- Born: Christie Nicole Dashiell September 8, 1988 (age 37) Washington, D.C.
- Genres: Jazz
- Occupation: Musician
- Instrument: Singer
- Formerly of: Sweet Honey in the Rock (2017−2022)
- Website: christiedashiell.com

= Christie Dashiell =

American singer

Christie Nicole Dashiell (Born: September 8, 1988) is an American jazz singer. She was born in Washington, D.C., and raised in Greenville, North Carolina. She studied jazz voice at Howard University for four years and then at grad school at the Manhattan School of Music, then participated in an artist-in-residence program at the Mansion at Strathmore. She now teaches jazz voice at Howard, where her father, Carroll Dashiell Jr., a bass player, is now chair of the Music Department. She received two Grammy nominations.

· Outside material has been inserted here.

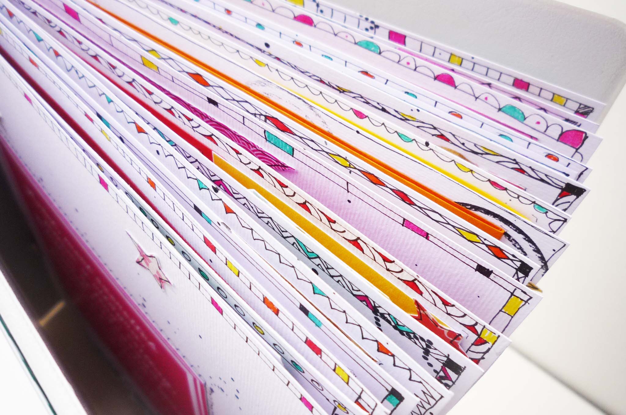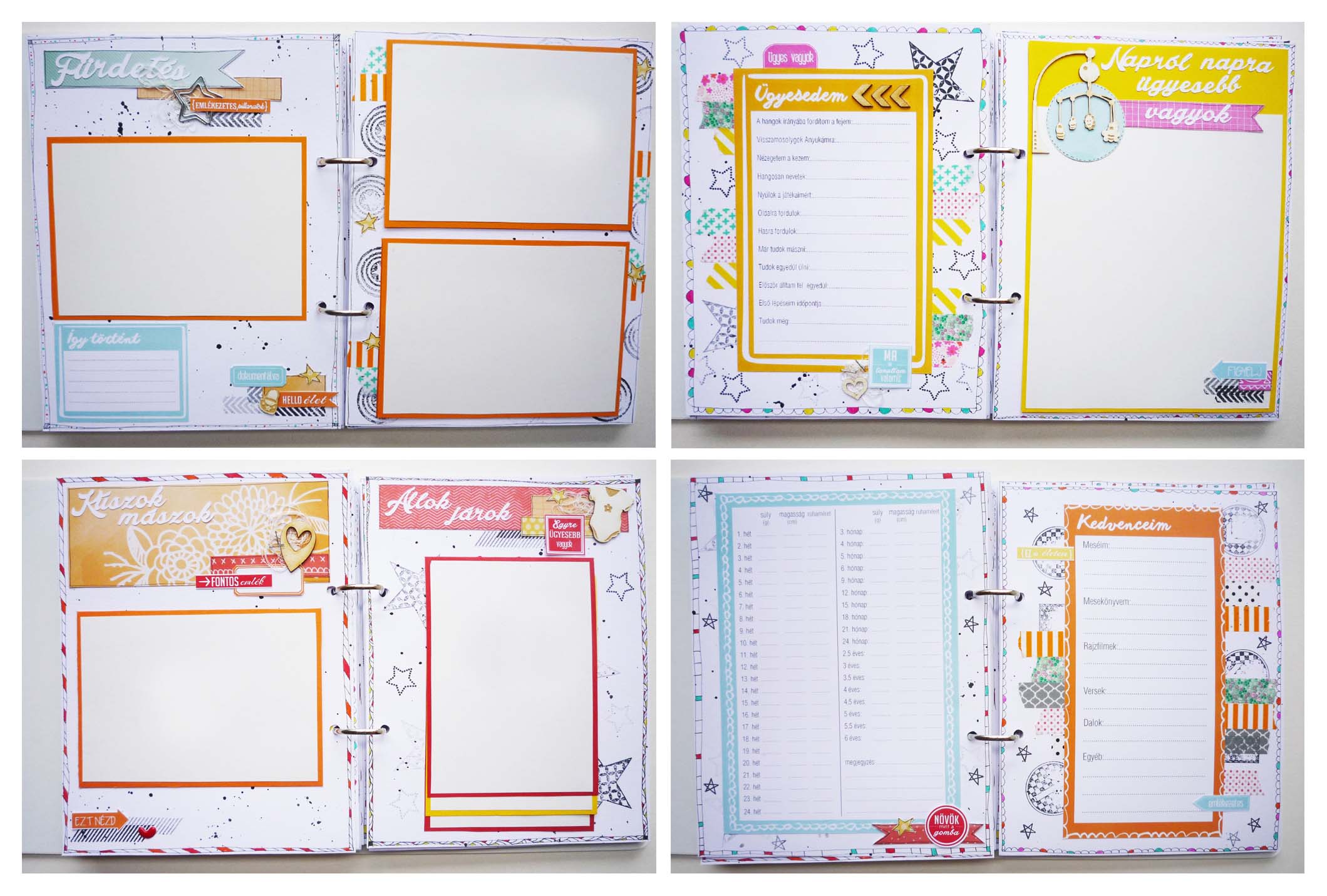 Az album alapja egy kis méretű gyűrűs mappa lett, amibe fehér lapokat szabtam, hogy a sok színes papír jól mutasson rajta. Sokat gondolkodtam az album stílusán, de mivel nem tudtam magamból kilépni, ezért minden oldalt fröcsköltem és doodliztem. A színes doodlie ötletét ezúton is köszönöm Veronak, ez igazán meseszerűvé varázsolta az egész albumot.

Her debut solo album, Time All Mine, debuted on Billboard’s Jazz Album and Contemporary Jazz Album Charts at numbers 13 and 22, as well as making JazzTimes’ Top 50 Writer's Ballots, Critics’ Poll. Her second album, Journey in Black, was nominated for the 2025 Best Jazz Vocal Album Grammy Award. For the 2026 Grammy Awards, she received a nomination for her album We Insist 2025! in the Best Jazz Vocal Album category.